__Entries taken from a collection__.

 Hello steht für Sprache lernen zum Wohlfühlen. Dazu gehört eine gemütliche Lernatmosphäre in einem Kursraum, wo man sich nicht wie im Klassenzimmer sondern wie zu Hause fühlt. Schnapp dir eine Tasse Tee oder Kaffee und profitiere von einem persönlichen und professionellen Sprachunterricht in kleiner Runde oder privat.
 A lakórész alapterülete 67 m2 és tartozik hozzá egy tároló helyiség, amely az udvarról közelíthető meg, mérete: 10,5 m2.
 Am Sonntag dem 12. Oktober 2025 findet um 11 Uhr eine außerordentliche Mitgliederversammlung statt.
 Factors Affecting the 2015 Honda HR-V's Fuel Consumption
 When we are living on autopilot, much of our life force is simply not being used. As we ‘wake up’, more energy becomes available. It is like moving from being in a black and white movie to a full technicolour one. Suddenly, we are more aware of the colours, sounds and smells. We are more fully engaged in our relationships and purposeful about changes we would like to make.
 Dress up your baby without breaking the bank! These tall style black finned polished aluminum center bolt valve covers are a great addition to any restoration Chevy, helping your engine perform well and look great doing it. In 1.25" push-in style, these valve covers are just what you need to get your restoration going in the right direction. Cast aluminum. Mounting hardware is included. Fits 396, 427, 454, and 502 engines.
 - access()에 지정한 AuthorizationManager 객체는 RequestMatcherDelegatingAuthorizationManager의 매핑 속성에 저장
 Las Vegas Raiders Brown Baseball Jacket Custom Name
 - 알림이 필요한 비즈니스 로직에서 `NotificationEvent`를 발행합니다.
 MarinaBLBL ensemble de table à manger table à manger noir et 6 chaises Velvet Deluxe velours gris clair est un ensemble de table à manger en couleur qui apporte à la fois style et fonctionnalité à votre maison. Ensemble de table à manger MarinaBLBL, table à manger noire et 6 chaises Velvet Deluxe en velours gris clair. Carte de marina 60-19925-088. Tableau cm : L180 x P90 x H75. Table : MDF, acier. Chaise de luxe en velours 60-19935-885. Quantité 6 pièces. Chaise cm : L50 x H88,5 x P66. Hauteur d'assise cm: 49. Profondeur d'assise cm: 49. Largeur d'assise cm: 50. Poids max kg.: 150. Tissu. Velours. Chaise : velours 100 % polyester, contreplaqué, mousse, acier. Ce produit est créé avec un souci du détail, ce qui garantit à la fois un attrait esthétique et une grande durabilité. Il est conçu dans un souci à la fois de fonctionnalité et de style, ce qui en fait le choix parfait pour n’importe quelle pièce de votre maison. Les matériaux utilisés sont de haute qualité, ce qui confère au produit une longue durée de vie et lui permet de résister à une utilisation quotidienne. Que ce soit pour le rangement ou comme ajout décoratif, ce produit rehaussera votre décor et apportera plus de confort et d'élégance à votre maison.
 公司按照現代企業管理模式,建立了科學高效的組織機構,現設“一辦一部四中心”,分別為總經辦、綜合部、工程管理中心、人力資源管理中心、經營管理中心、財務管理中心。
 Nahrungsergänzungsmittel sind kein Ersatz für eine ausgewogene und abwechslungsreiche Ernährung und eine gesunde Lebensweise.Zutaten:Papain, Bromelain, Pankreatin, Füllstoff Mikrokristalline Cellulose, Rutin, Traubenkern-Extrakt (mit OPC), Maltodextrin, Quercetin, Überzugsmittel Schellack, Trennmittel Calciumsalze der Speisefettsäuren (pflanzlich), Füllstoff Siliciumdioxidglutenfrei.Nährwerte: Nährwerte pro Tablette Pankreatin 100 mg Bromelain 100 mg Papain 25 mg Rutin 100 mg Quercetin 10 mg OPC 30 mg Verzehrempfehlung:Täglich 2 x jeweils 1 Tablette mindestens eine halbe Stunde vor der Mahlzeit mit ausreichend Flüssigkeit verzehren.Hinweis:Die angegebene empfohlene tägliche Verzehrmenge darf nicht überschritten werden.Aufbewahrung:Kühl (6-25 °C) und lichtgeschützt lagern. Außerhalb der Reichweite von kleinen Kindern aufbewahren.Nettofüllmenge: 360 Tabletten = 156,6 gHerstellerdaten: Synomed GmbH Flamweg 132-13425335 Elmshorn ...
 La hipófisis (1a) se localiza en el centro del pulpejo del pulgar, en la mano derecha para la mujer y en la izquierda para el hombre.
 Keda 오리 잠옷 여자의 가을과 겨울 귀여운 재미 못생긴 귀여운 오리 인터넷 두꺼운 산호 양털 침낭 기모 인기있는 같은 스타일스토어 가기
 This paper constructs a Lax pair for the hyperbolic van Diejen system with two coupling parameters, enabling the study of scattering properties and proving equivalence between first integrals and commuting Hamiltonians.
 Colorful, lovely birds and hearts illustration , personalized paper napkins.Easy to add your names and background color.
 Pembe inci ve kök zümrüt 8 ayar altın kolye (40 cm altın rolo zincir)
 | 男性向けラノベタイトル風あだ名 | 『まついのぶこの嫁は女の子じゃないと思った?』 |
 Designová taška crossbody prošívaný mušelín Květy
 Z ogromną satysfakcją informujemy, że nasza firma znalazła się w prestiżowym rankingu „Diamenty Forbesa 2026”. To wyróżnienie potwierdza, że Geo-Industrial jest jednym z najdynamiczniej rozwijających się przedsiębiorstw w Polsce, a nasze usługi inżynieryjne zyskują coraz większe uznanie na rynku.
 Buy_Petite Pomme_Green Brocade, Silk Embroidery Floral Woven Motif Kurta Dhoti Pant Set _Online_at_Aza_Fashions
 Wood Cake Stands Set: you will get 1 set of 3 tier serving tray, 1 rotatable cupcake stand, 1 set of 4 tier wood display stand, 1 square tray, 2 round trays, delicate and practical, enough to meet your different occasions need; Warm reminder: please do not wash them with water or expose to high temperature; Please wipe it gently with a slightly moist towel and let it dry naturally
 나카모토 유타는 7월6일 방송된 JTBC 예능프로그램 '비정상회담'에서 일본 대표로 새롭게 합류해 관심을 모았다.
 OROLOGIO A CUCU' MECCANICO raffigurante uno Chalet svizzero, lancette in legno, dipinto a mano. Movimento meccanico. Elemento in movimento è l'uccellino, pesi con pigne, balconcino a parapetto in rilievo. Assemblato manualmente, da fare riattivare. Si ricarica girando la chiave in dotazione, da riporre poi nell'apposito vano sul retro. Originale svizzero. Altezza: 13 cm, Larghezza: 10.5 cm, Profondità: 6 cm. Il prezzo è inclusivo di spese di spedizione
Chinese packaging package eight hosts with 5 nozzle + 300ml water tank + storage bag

__Task brief__.
Using the records above, copy exactly the lines from the one containing "Z ogromną satysfakcją" through the last, inclusive, and nothing else.

__Answer section__.
 Z ogromną satysfakcją informujemy, że nasza firma znalazła się w prestiżowym rankingu „Diamenty Forbesa 2026”. To wyróżnienie potwierdza, że Geo-Industrial jest jednym z najdynamiczniej rozwijających się przedsiębiorstw w Polsce, a nasze usługi inżynieryjne zyskują coraz większe uznanie na rynku.
 Buy_Petite Pomme_Green Brocade, Silk Embroidery Floral Woven Motif Kurta Dhoti Pant Set _Online_at_Aza_Fashions
 Wood Cake Stands Set: you will get 1 set of 3 tier serving tray, 1 rotatable cupcake stand, 1 set of 4 tier wood display stand, 1 square tray, 2 round trays, delicate and practical, enough to meet your different occasions need; Warm reminder: please do not wash them with water or expose to high temperature; Please wipe it gently with a slightly moist towel and let it dry naturally
 나카모토 유타는 7월6일 방송된 JTBC 예능프로그램 '비정상회담'에서 일본 대표로 새롭게 합류해 관심을 모았다.
 OROLOGIO A CUCU' MECCANICO raffigurante uno Chalet svizzero, lancette in legno, dipinto a mano. Movimento meccanico. Elemento in movimento è l'uccellino, pesi con pigne, balconcino a parapetto in rilievo. Assemblato manualmente, da fare riattivare. Si ricarica girando la chiave in dotazione, da riporre poi nell'apposito vano sul retro. Originale svizzero. Altezza: 13 cm, Larghezza: 10.5 cm, Profondità: 6 cm. Il prezzo è inclusivo di spese di spedizione
Chinese packaging package eight hosts with 5 nozzle + 300ml water tank + storage bag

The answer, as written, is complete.